Sunday, March 30, 2014

First Galileo, then...It just depends on the Spirit's illumination



I will quickly sum up the final thoughts of chapter one of Ian Taylor's book after the coming and passing of Galileo.  This all led to:

Voltaire, Rousseau, Locke, Hume, and Mill all envisioned a Utopia without a priest or a king.

Francis Bacon: A member of the Church of England.  He was unimpressed with most of Aristotle but he did like his empirical method for finding knowledge.  He adapted those principles of induction into the modern method for scientific investigation.  However, I think he was a Christian who believed in the supernatural.  Induction is a wonderful thing.  It alone can’t produce faith; only Jesus can do that.  But it is not only for people who doubt.  It can strengthen faith in God.  It only depends on the Holy Spirit’s action.

Rene Descartes began to question Bacon and wondered if the human senses were reliable at first sight.  He decided to doubt everything, and then he became aware of his self-awareness.  If he could think, then he was real.  “I think, therefore I am.”  That was his base for building a rational philosophy.  What’s funny, is Descartes was also a true believer.  He was woefully mistaken to make himself the base of knowledge and God.  Where would his thinking come from if not from God.  Christ is the only reason for knowledge whether by faith or empirical.  Descartes believed but his folly led so many people into humanistic thinking.

“Furthermore, his position contains the implication that man is good and therefore not subject to self-deception.

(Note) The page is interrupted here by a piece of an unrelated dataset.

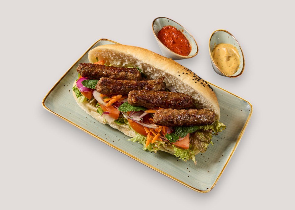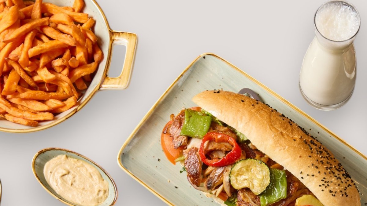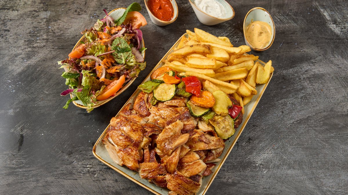 alle Gerichte werden mit Hähnchen-Drehspießfleisch, Grillgemüse, Romanasalat, Tomaten, Karotten, Minze, Zwiebel-Petersilie-Mix und hausgemachten Soßen zubereitet.
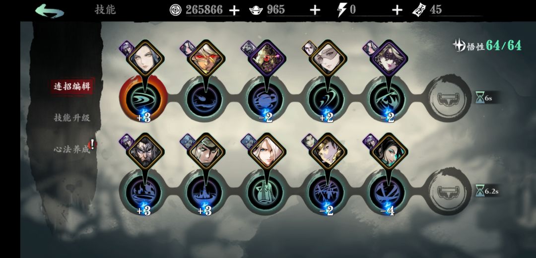 满级提升点补充1 注意心法和对应技能的绑定,例如芳华是减少技能CD,尽量放到CD时间长的技能上(觉醒技),会减少的技能时常比较多,技能链的总CD是所有技能的CD和,这样能最大化整条技能链的CD。其他的攻击效果加成最高的的放到主输出,破甲和眩晕尽量放起手技能,比较特殊的是暗夜飘香技能关联技能会额外多一火,可以考虑到火的收支搭配里。还有永明之志在三技能开之前必须要放到不消耗杀意的技能上才能眩晕。

But self-deception is caused by preconceived ideas or prejudice and lies at the very root of many problems in science, as we will see in subsequent chapters. Preconception causes us to hear only what we want to hear and to see only what we want to see, sometimes even seeing objects of our expectations, objects that do not exist. All this is well known to researchers today, yet preconception still leads to erroneous interpretations of data.”

Isaac Newton proved the theory of Gravity, making it a law.  He saw the mathematical laws that govern the universe.  This also has led people to believe that man and the cosmos are just mechanisms and nothing more.  But if we go back to Aquinas’s thinking, where would the mechanisms come from?  For something to be in motion, it must have had a start.  If people would take off their deistic biases, then the mathematical order in the universe would prove God and his constant care.

In a way, both Bacon and Descartes are right.  The inductive scientific method is great for honing our knowledge of God.  It ultimately cannot produce faith but can strengthen it depending on if a person is saved or not.  And Descartes is right to doubt the senses as humans do err, and faith is so much beyond the senses.  Both can accompany in belief in the supernatural and do not mean that people disbelieve in the resurrection and God’s miracles.  I greatly believe in them with my whole life, but I cannot verify the stories people tell about NDEs without the Bible’s testimony which says nothing about them after the year 70.  Faith isn’t based on somebody almost dying and seeing heaven or hell.  It is based on the testimony of the Holy Spirit found in the Scriptures.  With that we can be certain of God and his intervention.  We have no need for people who saw heaven or tongue speakers or healers.  We only need to be content with God and the situation he has us in now, trusting that it will all end for his Glory.